● Brief
What are the lines, copied exactly, from the one containing "Solid Off Shoulder" through the final line of the material? Leave the pictures out.

● Dataset excerpt

◆ ◆ ◆

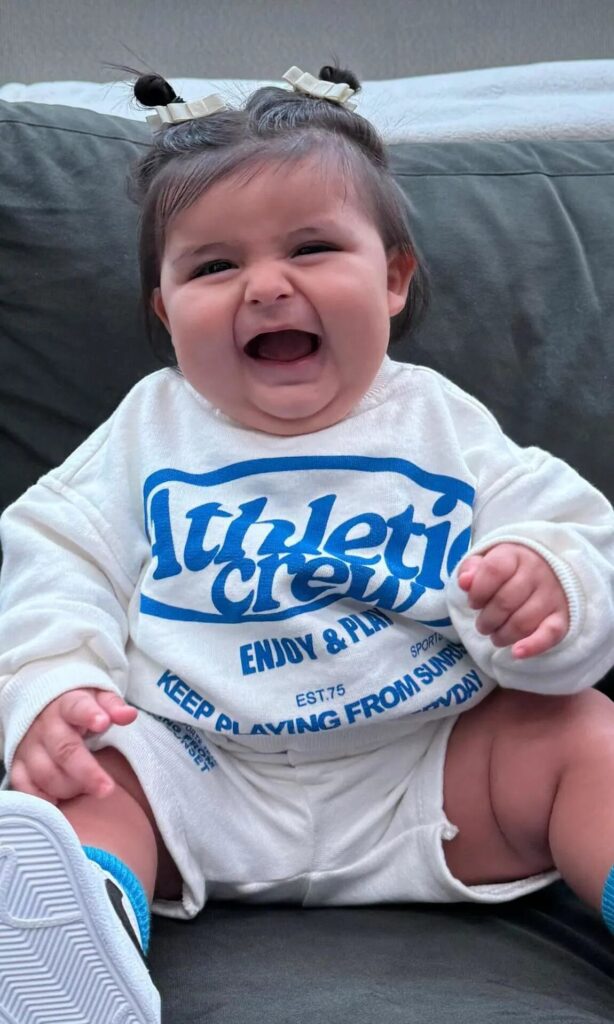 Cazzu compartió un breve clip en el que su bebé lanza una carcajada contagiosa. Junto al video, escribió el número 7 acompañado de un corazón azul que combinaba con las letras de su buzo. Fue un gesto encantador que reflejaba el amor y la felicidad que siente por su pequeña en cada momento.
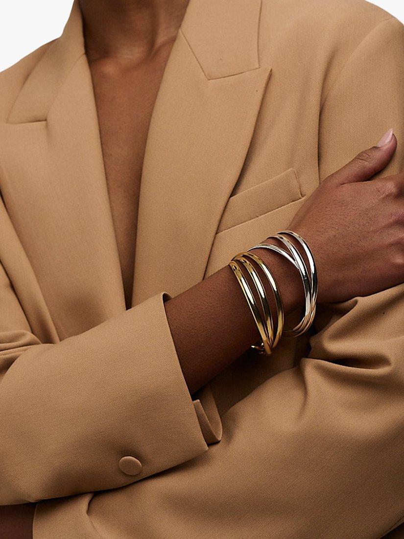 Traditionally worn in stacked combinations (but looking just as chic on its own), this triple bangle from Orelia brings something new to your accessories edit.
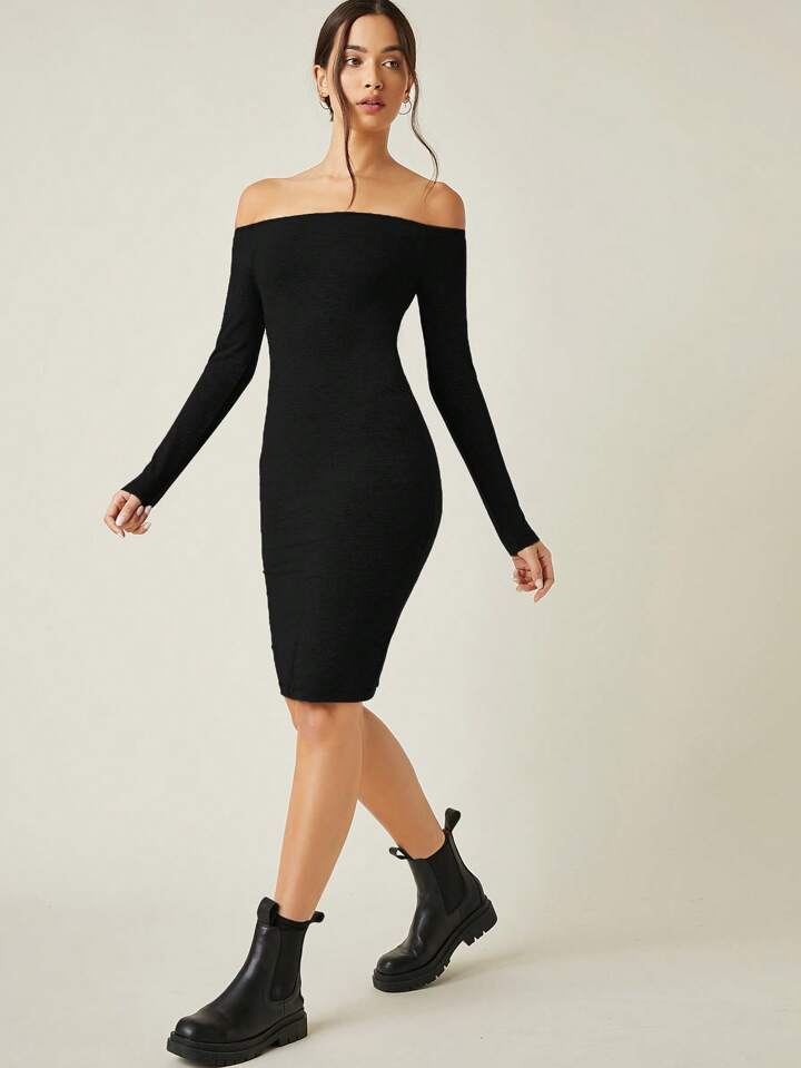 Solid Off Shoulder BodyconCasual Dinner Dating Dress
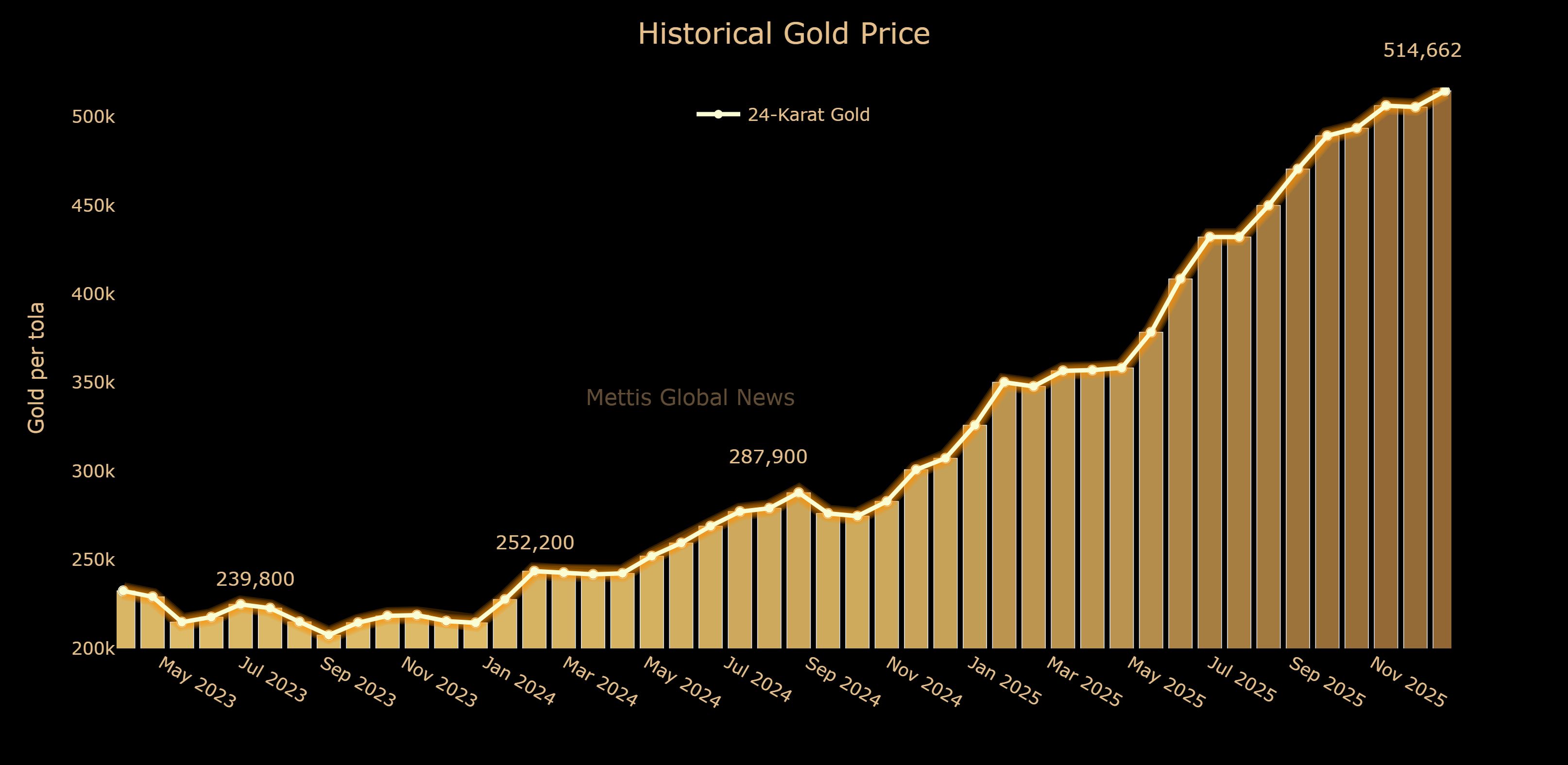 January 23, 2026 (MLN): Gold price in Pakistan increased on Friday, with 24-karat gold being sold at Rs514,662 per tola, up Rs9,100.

◆ ◆ ◆

● Expected output
 Solid Off Shoulder BodyconCasual Dinner Dating Dress
 January 23, 2026 (MLN): Gold price in Pakistan increased on Friday, with 24-karat gold being sold at Rs514,662 per tola, up Rs9,100.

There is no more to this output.